Voice always needs latency-aware rubrics; the audio surface rubrics in particular catch failures that transcript-only views miss. For the audio rubrics to run, the recording has to reach the platform. The native Section 1 path gives you that for free (assistant and customer audio download per call). For the SDK path, send the recording URL or audio bytes to the evaluator after each turn so the audio rubrics can score it.

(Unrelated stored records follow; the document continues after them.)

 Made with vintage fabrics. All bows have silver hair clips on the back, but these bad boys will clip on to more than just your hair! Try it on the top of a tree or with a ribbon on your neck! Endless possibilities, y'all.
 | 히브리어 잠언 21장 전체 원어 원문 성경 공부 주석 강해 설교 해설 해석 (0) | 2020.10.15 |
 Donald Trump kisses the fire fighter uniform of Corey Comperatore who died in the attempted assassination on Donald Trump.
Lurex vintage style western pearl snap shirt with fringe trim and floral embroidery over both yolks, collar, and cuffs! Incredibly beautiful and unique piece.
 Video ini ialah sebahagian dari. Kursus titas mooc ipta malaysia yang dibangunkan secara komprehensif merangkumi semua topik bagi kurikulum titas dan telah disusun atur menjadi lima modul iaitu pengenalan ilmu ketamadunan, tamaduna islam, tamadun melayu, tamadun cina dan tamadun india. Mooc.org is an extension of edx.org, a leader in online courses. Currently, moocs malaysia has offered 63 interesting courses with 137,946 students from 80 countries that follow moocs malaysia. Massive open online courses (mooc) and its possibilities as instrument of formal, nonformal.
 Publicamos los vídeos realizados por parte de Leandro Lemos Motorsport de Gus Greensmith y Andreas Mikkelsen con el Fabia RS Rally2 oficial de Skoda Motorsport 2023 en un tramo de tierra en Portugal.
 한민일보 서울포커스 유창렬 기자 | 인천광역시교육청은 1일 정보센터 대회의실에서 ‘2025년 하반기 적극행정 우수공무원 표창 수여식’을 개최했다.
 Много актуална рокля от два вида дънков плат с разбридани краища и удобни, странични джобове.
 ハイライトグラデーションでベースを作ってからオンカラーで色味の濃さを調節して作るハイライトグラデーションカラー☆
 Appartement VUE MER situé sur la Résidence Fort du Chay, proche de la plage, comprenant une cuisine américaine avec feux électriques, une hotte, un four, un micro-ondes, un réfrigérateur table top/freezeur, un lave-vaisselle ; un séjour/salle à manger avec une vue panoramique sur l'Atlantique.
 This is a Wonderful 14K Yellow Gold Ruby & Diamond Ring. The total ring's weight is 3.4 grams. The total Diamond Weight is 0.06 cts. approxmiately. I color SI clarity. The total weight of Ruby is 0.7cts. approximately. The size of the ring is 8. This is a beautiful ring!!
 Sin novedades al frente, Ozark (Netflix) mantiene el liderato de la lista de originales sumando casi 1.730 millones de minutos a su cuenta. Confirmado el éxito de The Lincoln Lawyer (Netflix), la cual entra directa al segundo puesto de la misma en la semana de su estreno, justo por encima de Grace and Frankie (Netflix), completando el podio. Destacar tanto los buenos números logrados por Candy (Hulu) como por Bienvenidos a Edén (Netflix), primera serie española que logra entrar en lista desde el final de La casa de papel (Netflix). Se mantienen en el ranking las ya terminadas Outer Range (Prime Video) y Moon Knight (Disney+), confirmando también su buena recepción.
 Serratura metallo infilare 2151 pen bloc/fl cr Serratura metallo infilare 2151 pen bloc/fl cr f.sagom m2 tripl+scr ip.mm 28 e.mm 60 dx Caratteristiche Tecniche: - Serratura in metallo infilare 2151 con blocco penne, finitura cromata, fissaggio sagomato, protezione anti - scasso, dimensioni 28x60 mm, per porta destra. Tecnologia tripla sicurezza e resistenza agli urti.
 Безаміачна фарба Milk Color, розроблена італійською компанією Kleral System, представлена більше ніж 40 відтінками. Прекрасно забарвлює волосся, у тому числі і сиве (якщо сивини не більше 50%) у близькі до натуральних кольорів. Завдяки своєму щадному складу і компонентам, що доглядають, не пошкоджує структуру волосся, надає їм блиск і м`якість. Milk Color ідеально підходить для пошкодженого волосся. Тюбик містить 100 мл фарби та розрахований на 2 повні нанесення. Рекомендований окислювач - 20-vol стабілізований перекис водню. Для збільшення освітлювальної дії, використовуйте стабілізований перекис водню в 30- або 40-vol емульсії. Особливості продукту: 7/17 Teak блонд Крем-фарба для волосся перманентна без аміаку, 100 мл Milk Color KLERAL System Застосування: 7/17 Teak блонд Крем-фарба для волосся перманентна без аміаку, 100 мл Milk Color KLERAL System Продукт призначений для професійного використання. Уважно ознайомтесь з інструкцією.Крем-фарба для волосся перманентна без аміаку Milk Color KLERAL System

Programmatic scoring if you keep eval calls in code:

from fi.evals import Evaluator

ev = Evaluator(
    fi_api_key="your-future-agi-api-key",
    fi_secret_key="your-future-agi-secret-key",
)

# Score the assistant TTS leg with the audio rubric
audio_result = ev.evaluate(
    eval_templates="audio_quality",
    inputs={"input_audio": "https://example.com/calls/abc123/assistant.wav"},
    model_name="turing_flash",
)

# Score the multi-turn conversation
conversation_result = ev.evaluate(
    eval_templates=["conversation_coherence", "conversation_resolution", "task_completion"],
    inputs={
        "conversation": (
            "User: Hi I need to reschedule\n"
            "Assistant: Sure, what's your account number?\n"
            "User: It's 8842\n"
            "Assistant: Got it. Thursday at 3pm works."
        )
    },
    model_name="turing_flash",
)

The audio rubrics accept the seven common formats (.mp3, .wav, .ogg, .m4a, .aac, .flac, .wma) and resolve both URLs and local paths. In-house classifier models are tuned for the LLM-as-judge cost/latency tradeoff on high-volume scoring; reserve a frontier judge model for spot-checking the highest-risk turns.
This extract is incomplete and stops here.